■ THE TASK: Would you return the listing that follows exactly, leaving its pictures behind?

■ THE DATA:
※
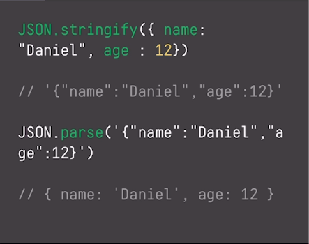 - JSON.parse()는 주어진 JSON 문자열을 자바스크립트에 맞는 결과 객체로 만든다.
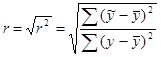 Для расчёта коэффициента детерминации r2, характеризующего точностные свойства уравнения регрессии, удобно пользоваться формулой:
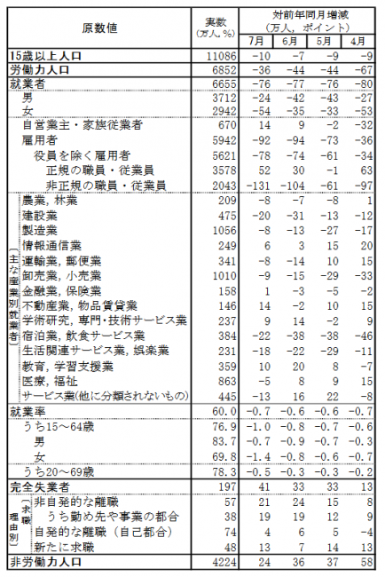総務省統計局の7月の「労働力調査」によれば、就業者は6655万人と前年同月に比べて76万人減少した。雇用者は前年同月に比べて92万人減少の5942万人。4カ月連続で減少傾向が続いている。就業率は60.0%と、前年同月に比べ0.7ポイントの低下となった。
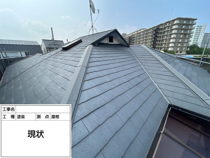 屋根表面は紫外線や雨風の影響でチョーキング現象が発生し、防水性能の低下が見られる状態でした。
※
■ SOLUTION TO THIS EXERCISE:
 - JSON.parse()는 주어진 JSON 문자열을 자바스크립트에 맞는 결과 객체로 만든다.
 Для расчёта коэффициента детерминации r2, характеризующего точностные свойства уравнения регрессии, удобно пользоваться формулой:
総務省統計局の7月の「労働力調査」によれば、就業者は6655万人と前年同月に比べて76万人減少した。雇用者は前年同月に比べて92万人減少の5942万人。4カ月連続で減少傾向が続いている。就業率は60.0%と、前年同月に比べ0.7ポイントの低下となった。
 屋根表面は紫外線や雨風の影響でチョーキング現象が発生し、防水性能の低下が見られる状態でした。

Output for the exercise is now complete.